Nianwen Xue is an Associate Professor in the Computer Science Department and the Language & Linguistics Program at Brandeis University. He has devoted substantial efforts to developing linguistically annotated resources for natural language processing purposes. The other thread of his research involves using statistical and machine learning techniques to solve natural language processing problems. His research has received support from the National Science Foundation (NSF), IARPA and DARPA. He is currently the editor-in-chief of the ACM Transactions on Asian and Low-Resource Language Information Processing (TALLIP), and he also serves on the editorial boards of Language Resources and Evaluation , and Lingua Sinica. He is currently the Vice Chair/Chair-Elect of Sighan, an ACL special interest group in Chinese language processing.

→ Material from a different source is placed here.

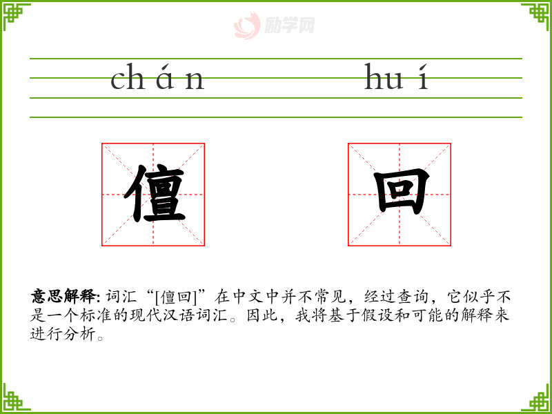 总结来说,词汇“[儃回]”的分析由于缺乏确切的信息而无法进行。这强调了在语言学习和研究中,对词汇的准确理解和定义的重要性。

Language Technology Seminar Series
Question Answering R&D at Microsoft
TJ Hazen, Microsoft Research
Friday, February 9 at 3:30
Natural language processing technology for open ended question answering tasks is now readily available to anyone with internet access using web sites such as Bing or Google. This talk will present a general overview of how question answering inside of Microsoft Bing works and discuss techniques used to expand and improve Bing’s question answering capabilities. The talk will also discuss recent advances in deep learning modeling techniques to perform open ended machine reading comprehension and question answering tasks.

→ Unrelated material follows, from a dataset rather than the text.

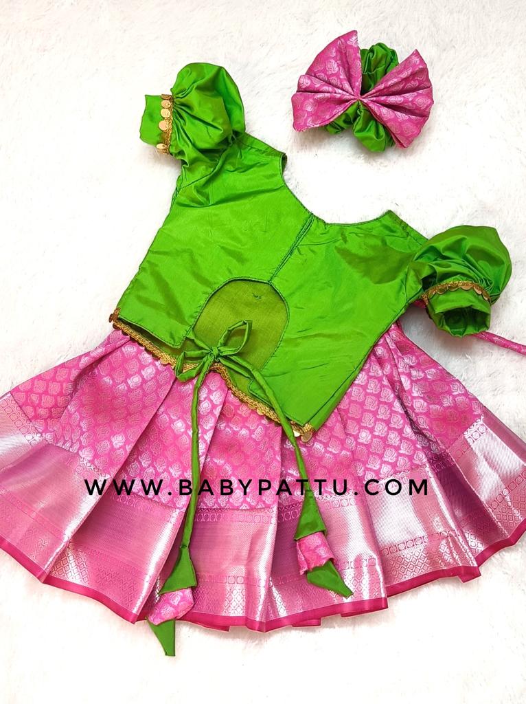 Pattu Pavadai is a traditional dress of South India. The paavadai or langa is a cone-shaped, long skirt that is pleated and tied around the waist, normally made of silk, that hangs down from the waist to the toes.

TJ Hazen is a Principal Research Manager with Microsoft Research where his current work is focused on the tasks of machine reading comprehension and question answering. Prior to joining Microsoft in 2013, TJ was a Research Scientist at MIT where he spent six years as a member of the Human Language Technology Group at MIT Lincoln Laboratory and nine years as a Research Scientist at the MIT Computer Science and Artificial Intelligence Laboratory. TJ holds S.B., S.M., and Ph.D. degrees in Electrical Engineering and Computer Science from MIT.